# Dovetail Scribe lines . . .?



## TexasTimbers (Oct 17, 2006)

Do you leave 'em or not? I hate 'em.

I am gretting popular in woodworking circles I am even being quoted in BLOGS now. :laughing: You have to scroll down to the Nov 17th 2006 entry.

My LTTE was in this months or last months issue. Can't remember and it is at home.

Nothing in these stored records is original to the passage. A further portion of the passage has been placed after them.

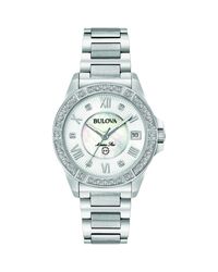 Weiter zu Dress-for-LessDiese Bulova Marine Star Analog Uhr für Damen ist das perfekte Accessoire zum tragen oder verschenken. Ihr Silber 35 mm Rund Gehäuse kombiniert mit dem bequemen Silber Armband aus Edelstahl garantiert, dass Sie
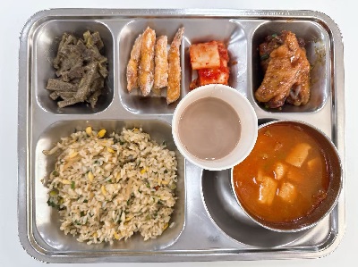 메뉴:콩나물밥/고추장찌개/닭날개조림/꿀고구마스틱/들깨궁채무침/배추김치/핫초코라떼
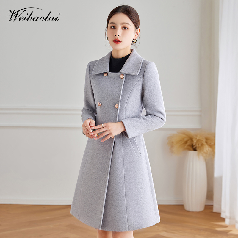 丝巾职业毛呢大衣女中长款冬气质修身双排扣珠宝店工作服呢子外套
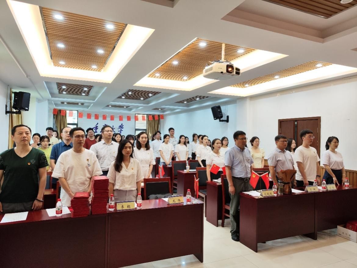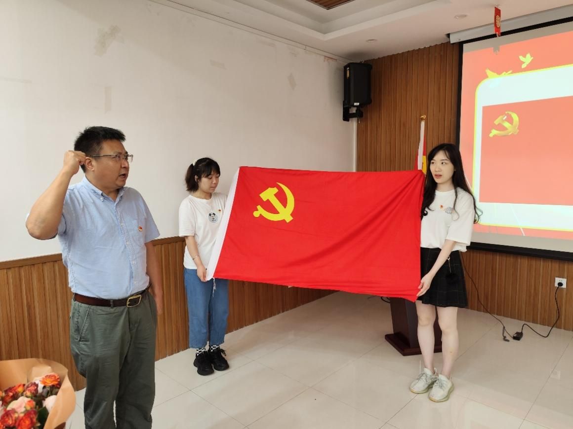 与会党员全体起立并奏唱《国歌》后,在领誓人凌晓明的带领下,新入党党员面对党旗庄严宣誓,与会全体党员共同重温入党誓词。
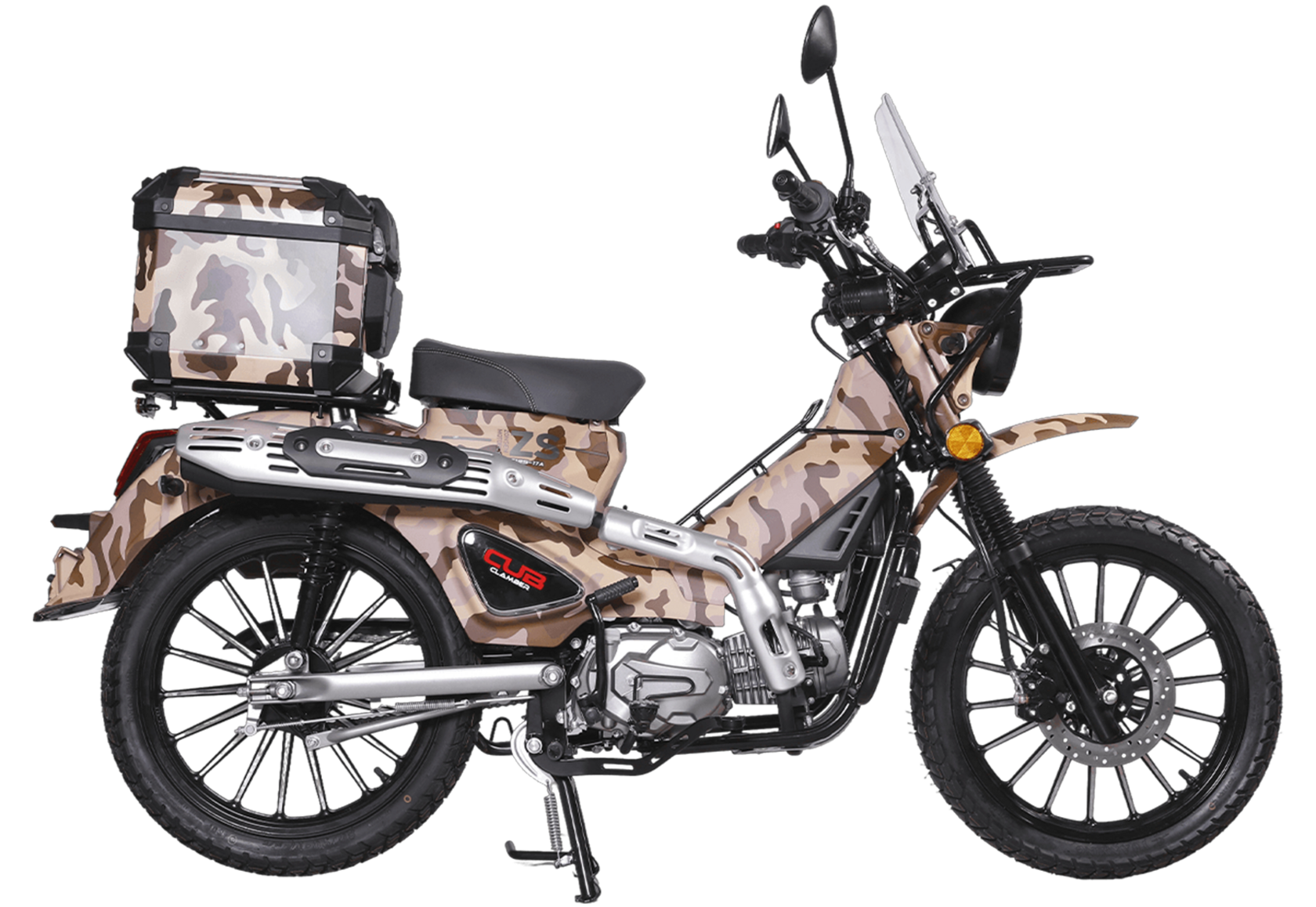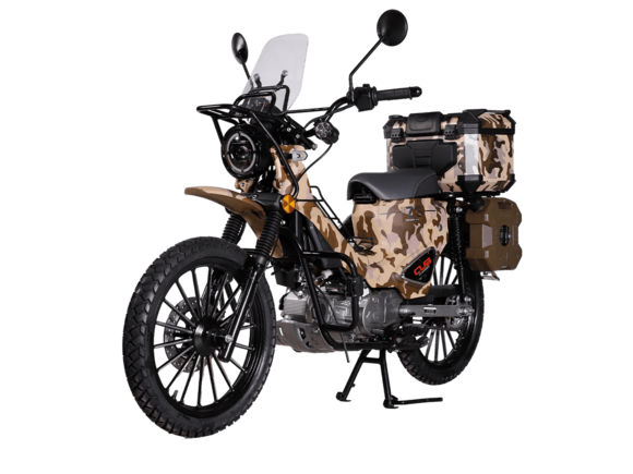 ATAKI Yemi Hunter – стильный мопед для настоящих охотников и рыбаков. Юркая модель с камуфляжным принтом и объёмными кофрами, готовая отправиться на лесные тропы.Силовая установка представлена одноцилиндровым 4-тактным двигателем с воздушным охлаждением. При объёме 120 см³ двигатель способен обеспечить мощность в 8,8 л.с. Бесперебойную работу в любых условиях обеспечивает карбюраторная система подачи топлива. Запуск двигателя осуществляется с помощью электростартера или кикстартера. Полуавтоматическая коробка передач имеет 4 ступени.Максимальная скорость 80 км/ч.Объём топливного бака 4,5 литра.На мопед установлены колёса диаметром 17 дюймов. Передняя подвеска – классическая телескопическая вилка, подвеска сзади – 2 гидравлических амортизатора. На оба колеса установлены гидравлические дисковые тормоза.Вес 102 кг. Колёсная база 1245 мм. Высота по седлу 765 мм.

Anyway, what's your flavor - lines or no lines?


----------



## Lee (Dec 22, 2006)

I'm assuming you're the person who questioned leaving scribe marks on dovetails.
If so, I applaud your opinion, and two, is that you in the picture? 

Thanks, Lee


----------



## TexasTimbers (Oct 17, 2006)

No Lee not pictured. My letter was just acepted and published. I was trying to find the whole thing and then compare how much they edited it. I never did get very excited about it until I saw myself quoted in the Blog. Silly me.
Anyway the point is that IMHO leaving the lines has no merit and not only ishould not be consideredd part of the form and obviously not the function, but I thiunk they actually detract from the work. 
When I cut my dovetails, it is a tedious process just to remove the extremely light scribe that I use. If it is a wood such as Padauk, I do not even use a permanent scribe during the process. I use a VERY light pencil line that I simply erase (with a special japanese eraser; none of which I have left). I have heard some woodworkers casually mention "Yea I cut them by hand . . . " in a tenre that belies the truth about the matter. :icon_wink: 
Someone whi is truly adept at the craft has a certain aire about the way the discuss handcut tails. :yes:


----------



## Lee (Dec 22, 2006)

Hi Texas Timbers, Merry Crhistmas!
When I am doing dovetails, I use a very fine pencil line at the depth of the joint. Then I use a scribing tool, usually a japanese made tool, to carefully mark the dovetails, without touching the aresa to be left intact. This way there are no scribes left in the work. Might take a minute longer, but to me it's worth the trouble. Sometimes I will use a fine pencil to layout the entire joint, and then using a coping saw, I will cut the joint. I am always surprised how quick and accurate this method is. (of course that's after a little practice).

Lee

Update: I forgot to mention I'm cutting the sides of the dovetails with a dovetail saw. and only using the coping saw on the bottom. ( instead of chopping them out with a chisel ). This makes for very fast accurate work of them, as you can stack cut several of them at a time.


----------



## TexasTimbers (Oct 17, 2006)

Lee thanks for sharing your method. i somehow missed your reply here.
I have used a coping saw but never became efficient with it in cutting dovetails. I do pretty well with one coping trim and crown moulding though.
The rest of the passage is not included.